If you are looking for the latest and greatest updates about our library, check out our updates page.

Citation

If you use featurewiz in your research project or paper, please use the following format for citations:

"Seshadri, Ram (2020). GitHub - AutoViML/featurewiz: Use advanced feature engineering strategies and select the best features from your data set fast with a single line of code. source code: https://github.com/AutoViML/featurewiz "

Current citations for featurewiz in [Google Scholar](https://scholar.google.com/scholar?hl=en&as_sdt=0%2C31&q=featurewiz&btnG=)

Introduction

featurewiz is a new python library for creating and selecting the best features in your data set fast! The differentiating features of featurewiz are:

  1. It provides one of the best automatic feature selection algorithms (Minimum Redundancy Maximum Relevance (MRMR) algorithm) as described by wikipedia in this page: "The MRMR selection has been found to be more powerful than the maximum relevance feature selection" such as Boruta.
  2. It selects the best number of uncorrelated features that have maximum mutual information about the target without having to specify the number of features
  3. It is fast and easy to use, and comes with a number of helpful features, such as a built-in categorical-to-numeric encoder and a powerful feature engineering module
  4. It is well-documented, and it comes with a number of examples.
  5. It is actively maintained, and it is regularly updated with new features and bug fixes.

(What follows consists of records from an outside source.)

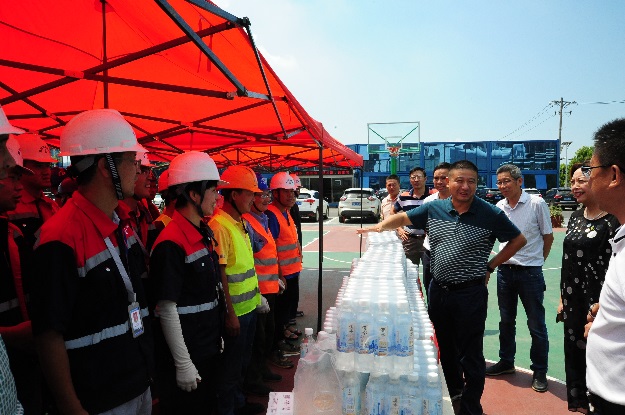 连日来,武汉地区持续高温,为切实做好高温天气水务职工防暑降温和劳动保护工作,局党组成员分赴各重点项目施工现场、局属单位开展 “送清凉”慰问活动,并开展高温天气安全检查。局工会、建设和安全监督处及相关处室负责人陪同。
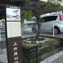 東海道京都よりに位置する上方見附には松が植えられています。ココ、戸塚宿上方見附跡の史跡にも小さいながら松が植えられていました。ところは大坂下バス停、サイゼリアの前(駐車場)。解説板と銘板の浮世絵があります。広重の戸塚宿浮世絵は区制50周年記念で建てられたもの。当時の様子うかがうことできるとの解説ありますが、ちょっと剥げ欠けているようでした(見た目)。道路反対側には跡地盾があります。
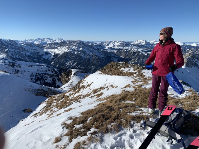 Westlich des Gipfels bis auf die Krete hochgestiegen. Herrlicher Pulver mit genügend Platz für eigene Spuren. Weiter unten natürlich verfahren.
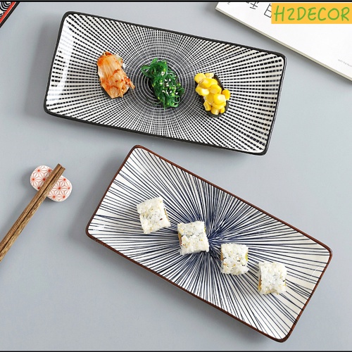 Giới thiệu Đĩa gốm hình chữ nhật hoạ tiết kẻ sọc xanh phong cách Nhật Bản tráng men đĩa cao cấp - H2DECOR
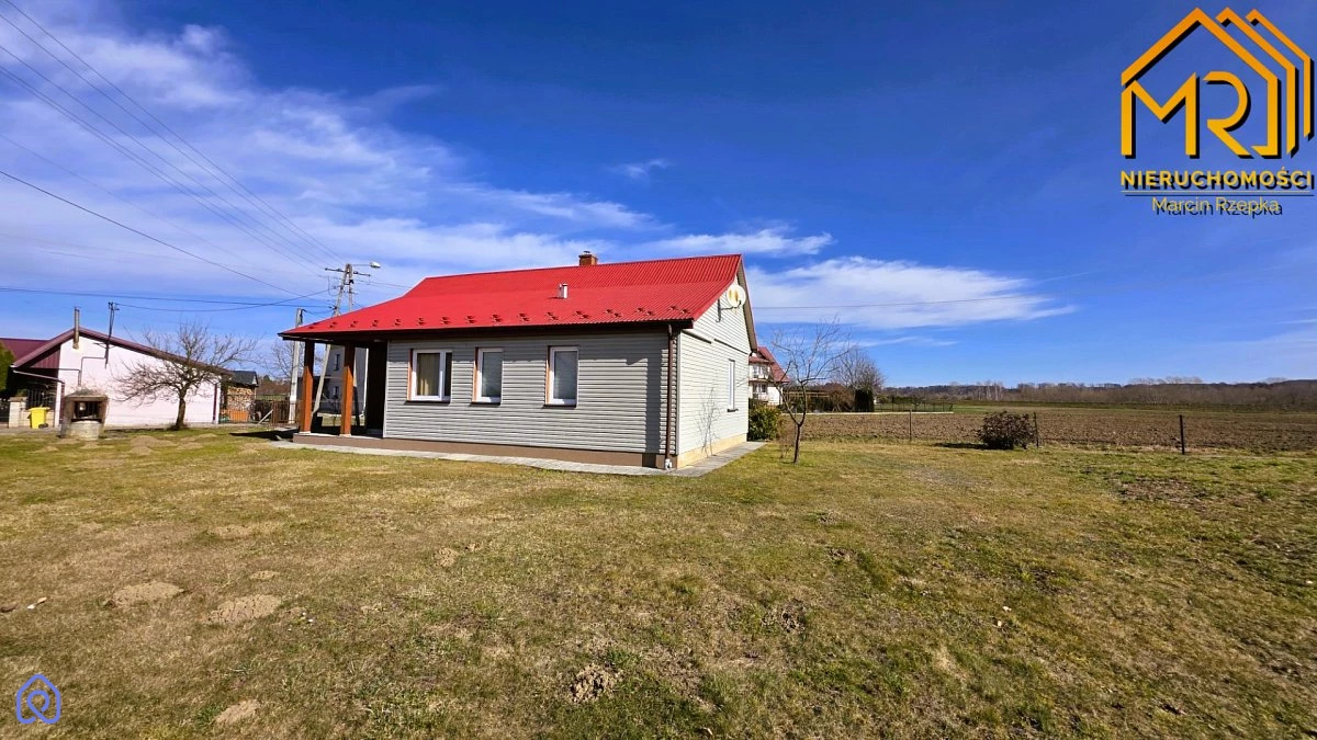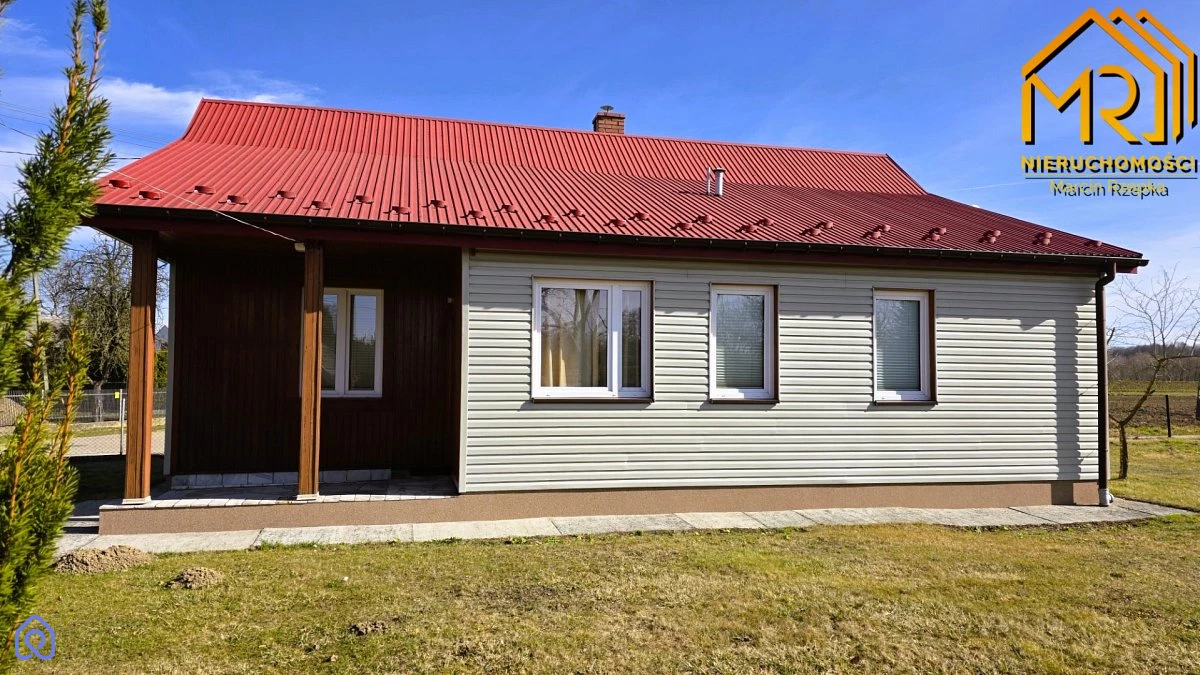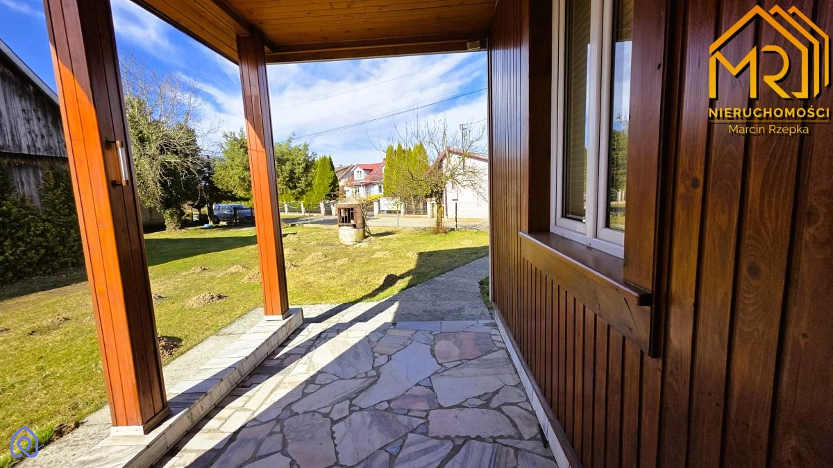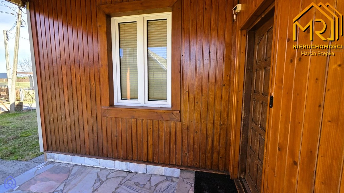 Dom drewniany na dużej działce gm. Wierzchosławice Na sprzedaż parterowy dom z lat 50 ubiegłego wieku położony w malowniczej miejscowości Mikołajowice, w gminie Wierzchosławice, powiat tarnowski. Nieruchomość usytuowana jest na przestronnej, 19-arowej działce o płaskim ukształtowaniu, w całości ogrodzonej siatką. Dom o powierzchni około 70 m2 został wzniesiony w konstrukcji szkieletowej z bali drewnianych. Składa się z ganku, funkcjonalnej kuchni, salonu, dwóch ustawnych pokoi, łazienki oraz strychu gospodarczego (wejście z zewnątrz). Wnętrza są w pełni umeblowane, na podłogach położono panele oraz płytki, a ściany wykończono płytami gipsowo-kartonowymi. Do drzwi wejściowych prowadzi mały taras wyłożony kamieniem. Dom posiada estetyczną elewację wykonaną z białego sidingu oraz solidny dwuspadowy dach pokryty blachą. Wymienione okna na PCV gwarantują dobrą izolację, a drewniany strop podkreśla charakter budynku. Ogrzewanie zapewnia sprawny, dwufunkcyjny piec. Nieruchomość jest w dobrym stanie, gotowa do zamieszkania lub lekkiego odświeżenia. Działka, na której stoi dom, graniczy bezpośrednio z asfaltową drogą gminną. Na posesji znajduje się również murowany budynek gospodarczy z dachem pokrytym dachówką z wymienionymi rynnami oraz wyposażony w blaszaną bramę garażową. Wszystkie media: prąd, gaz, kanalizacja, wodociąg, a także studnia na działce. Okolica zachwyca bliskością natury - w pobliżu przepływa rzeka Dunajec, a miłośnicy aktywnego wypoczynku docenią bliskość trasy rowerowej Velo Dunajec. W promieniu 850 metrów znajduje się szkoła podstawowa, natomiast do Wierzchosławic jest zaledwie 7,5 km, a do Tarnowa 11 km, co sprawia, że lokalizacja jest zarówno spokojna, jak i dobrze skomunikowana. Cena 299 000 złotych. Jeśli marzysz o urokliwym domu z duszą, położonym w cichej i malowniczej okolicy, ta oferta jest właśnie dla Ciebie! Serdecznie zapraszamy do kontaktu w celu otrzymania dodatkowych szczegółów oraz na prezentację 600 576 376

featurewiz can be used in one or two ways. They are explained below.

1. Feature Engineering

The first step is not absolutely necessary but it can be used to create new features that may or may not be helpful (be careful with automated feature engineering tools!).

One of the gaps in open-source AutoML tools and especially Auto_ViML has been the lack of feature engineering capabilities that high-powered competitions such as Kaggle required. The ability to create "interaction" variables or adding "group-by" features or "target-encoding" categorical variables was difficult and sifting through those hundreds of new features to find the best features was difficult and left only to "experts" or "professionals". featurewiz was created to help you in this endeavor.

featurewiz now enables you to add hundreds of such features with a single line of code. Set the "feature_engg" flag to "interactions", "groupby" or "target" and featurewiz will select the best encoders for each of those options and create hundreds (perhaps thousands) of features in one go. Not only that, using the next step, featurewiz will sift through numerous such variables and find only the least correlated and most relevant features to your model. All in one step!.

feature_engg

2. Feature Selection

The second step is Feature Selection. `featurewiz` uses the MRMR (Minimum Redundancy Maximum Relevance) algorithm as the basis for its feature selection.
Why perform Feature Selection? Once you have created 100's of new features, you still have three questions left to answer: 1. How do we interpret those newly created features? 2. Which of these features is important and which is useless? How many of them are highly correlated to each other causing redundancy? 3. Does the model overfit now on these new features and perform better or worse than before?
All are very important questions and featurewiz answers them by using the SULOV method and Recursive XGBoost to reduce features in your dataset to the best "minimum optimal" features for the model.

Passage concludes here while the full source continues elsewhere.